At the end of 2010, they announced that they would play at least two shows in the United Kingdom and then perform at the Belgium music festival Groezrock, all at the end of April.

Sugarcult reunited with Davis to play a one-off show at the Chain Reaction in Anaheim, California on December 10, 2011, where they celebrated the tenth anniversary of the release of Start Static. More recently, members of the group performed with members of 5 Seconds of Summer (who have cited Sugarcult as a primary influence on their band) and past tourmate Goldfinger frontman and acclaimed record producer John Feldmann for Strange '80s, a benefit concert on May 14, 2017, at the Fonda Theatre.

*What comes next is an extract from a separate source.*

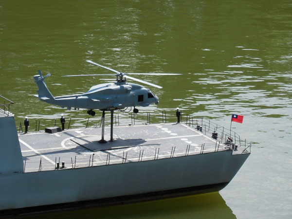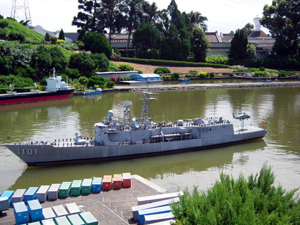 軍艦也更新了,現在居然可以看得到成功級的二代軍艦,而且還個別有專屬的編號,成功艦與鄭和艦兩艘停泊在小人國裡,在更新上還滿用心的。將近二十年前我小時候到小人國,那時的軍艦可沒有直升機停在甲板上。

== Musical style and influences ==
Sugarcult has been categorized as punk rock, pop-punk, power pop and alternative rock. Jamie Allen of CNN described the band's sound as "a melodic, power-pop vibe reminiscent of the Knack crossed with the Ramones and Elvis Costello." The band has drawn comparisons to American Hi-Fi, Rancid, Unwritten Law, Blink-182, Less Than Jake, Good Charlotte, The Hives and Jimmy Eat World. Sugarcult cites The Beatles, the Police, The Clash, Ramones, Sex Pistols, the Jam, Elvis Costello, the Romantics and The Suicide Commandos as influences. Lyrically, Sugarcult explores themes of relationships, youth angst, and introspection.

==Band members==

- Final lineup
- Tim Pagnotta – lead vocals, rhythm guitar (1998–2009, 2011), lead guitar (1998–1999)
- Airin Older – bass guitar, backing vocals (1998–2009, 2011)
- Marko DeSantis – lead guitar (1999–2009, 2011)
- Ben Davis – drums, backing vocals (1998–2003, 2011)

- Former
- Kenny Livingston – drums (2003–2009)

Timeline

==Discography==

===Demo collections===
- Eleven (1999)
- Wrap Me Up in Plastic (2000)

===Studio albums===

| Title | Details | Peak chart positions |
US
| Start Static | Released: August 21, 2001; Label: Ultimatum; Formats: CD, LP, digital download, streaming; | 194 |
| Palm Trees and Power Lines | Released: April 13, 2004; Label: Fearless, Artemis; Formats: CD, LP, digital download, streaming; | 46 |
| Lights Out | Released: September 12, 2006; Label: Fearless, V2; Formats: CD, LP, digital download, streaming; | 64 |

===DVDs/retrospectives/live albums===
- Action DVD (2002)
- Back to the Disaster: A Film About Sugarcult DVD/EP (2005)
- Rewind 2001–2008 Japanese Exclusive (2008)

===EPs===
- Five Demo (1998)
- Get Street Cred Demo (1999)
- A Hard Day's Night Japanese Exclusive (2006)

===Singles===

| Year | Title | Album | US Alternative Songs position | UK Singles Chart position |
| 2001 | "Bouncing Off the Walls" | Start Static | 40 | 98 |
| "Stuck in America" | — | 91 |
| 2002 | "Pretty Girl (The Way)" | 30 | — |
| 2004 | "She's the Blade" | Palm Trees and Power Lines | — | — |
| "Memory" | — | — |
| 2006 | "Do It Alone" | Lights Out | 40 | — |
| "Los Angeles" | — | — |

==Media appearances==
- Burnout 3: Takedown (2004)
  - "Memory" was featured on the soundtrack.
- Burnout Dominator (2007), Burnout Paradise (2008), and Burnout Paradise Remastered (2018)
  - Dead Living was featured on the soundtrack.